**SOURCE MATERIAL**
○ ○ ○ ○ ○ ○ ○

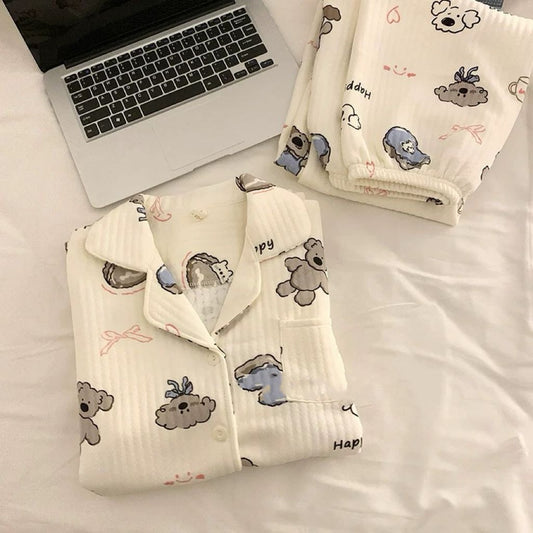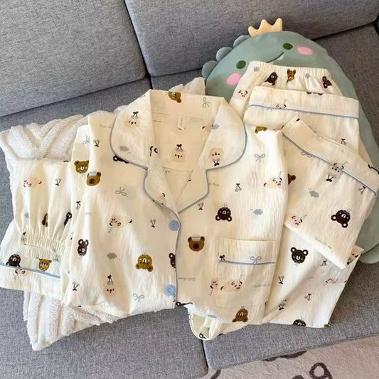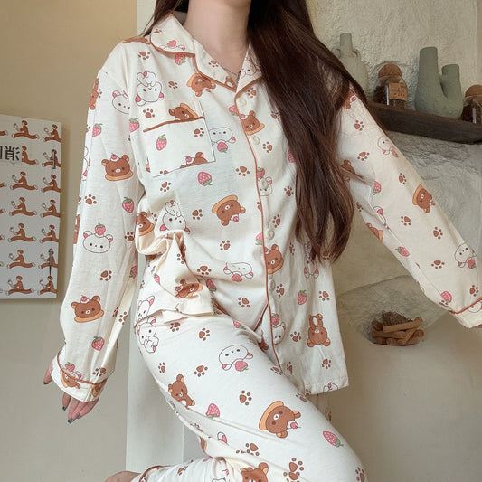 SW024 棉质哈密瓜自嘲熊长袖长裤睡衣套装
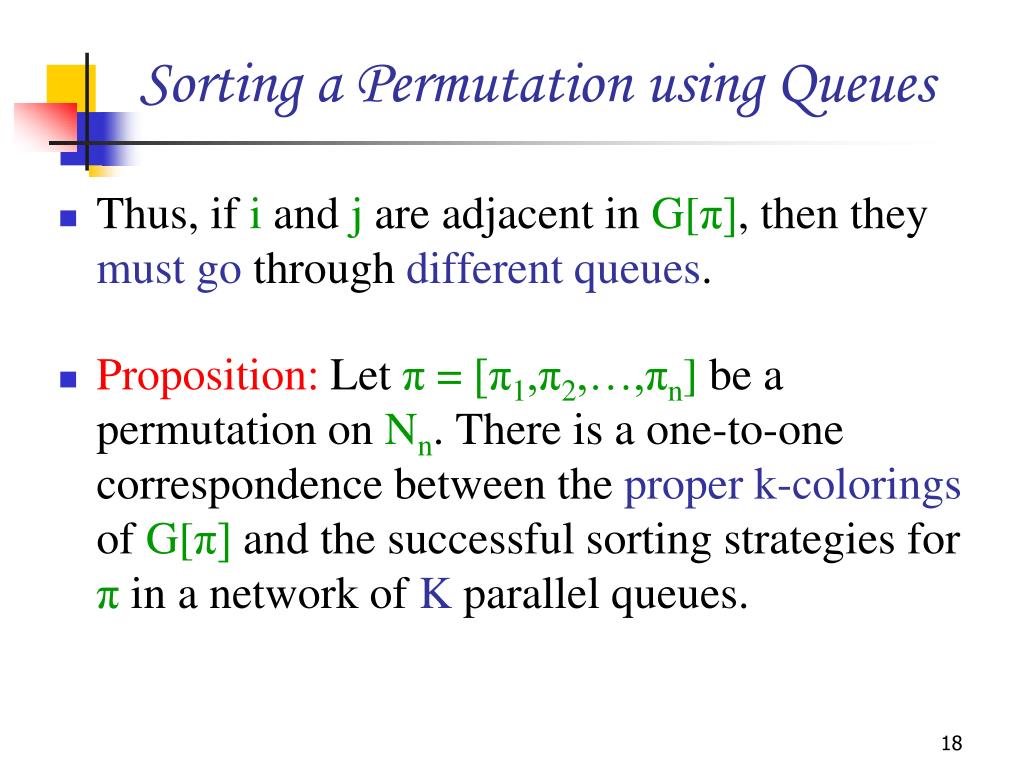 Sorting a Permutation using Queues • Thus, if i and j are adjacent in G[π], then they must go through different queues. • Proposition: Let π=[π1,π2,…,πn] be a permutation on Nn. There is a one-to-one correspondence between the proper k-colorings of G[π] and the successful sorting strategies for πin a network of K parallel queues.
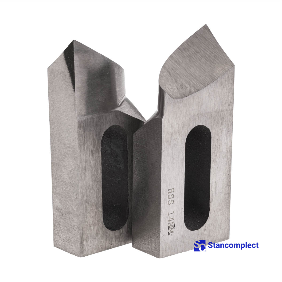 Knives for a circular stick machine 72x30x14 mm made of high speed steel HSS. The material of steel is Kh12MF, which has good heat resistance and strength, high hardenability, hardenability and wear resistance.
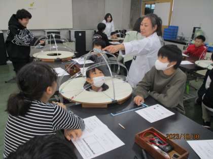 科学センター学習では、普段学校で使えないようなたくさんの実験器具を使って、少し発展的な内容にまで踏み込んで学習をすることができます。今回は、地学の「ソーラーパネル」についての学習でしたが、実験しながらどんな季節のどんな時間が一番太陽の光を集めて発電することができるのかをたしかめたり、夏が暑くなる理由について地球儀などを使いながら考えたりすることができました。

○ ○ ○ ○ ○ ○ ○

**ABOUT THIS EXERCISE**
Write the full listing out again with every line unchanged, but include no pictures.

**ANSWER AREA**
 SW024 棉质哈密瓜自嘲熊长袖长裤睡衣套装
 Sorting a Permutation using Queues • Thus, if i and j are adjacent in G[π], then they must go through different queues. • Proposition: Let π=[π1,π2,…,πn] be a permutation on Nn. There is a one-to-one correspondence between the proper k-colorings of G[π] and the successful sorting strategies for πin a network of K parallel queues.
 Knives for a circular stick machine 72x30x14 mm made of high speed steel HSS. The material of steel is Kh12MF, which has good heat resistance and strength, high hardenability, hardenability and wear resistance.
 科学センター学習では、普段学校で使えないようなたくさんの実験器具を使って、少し発展的な内容にまで踏み込んで学習をすることができます。今回は、地学の「ソーラーパネル」についての学習でしたが、実験しながらどんな季節のどんな時間が一番太陽の光を集めて発電することができるのかをたしかめたり、夏が暑くなる理由について地球儀などを使いながら考えたりすることができました。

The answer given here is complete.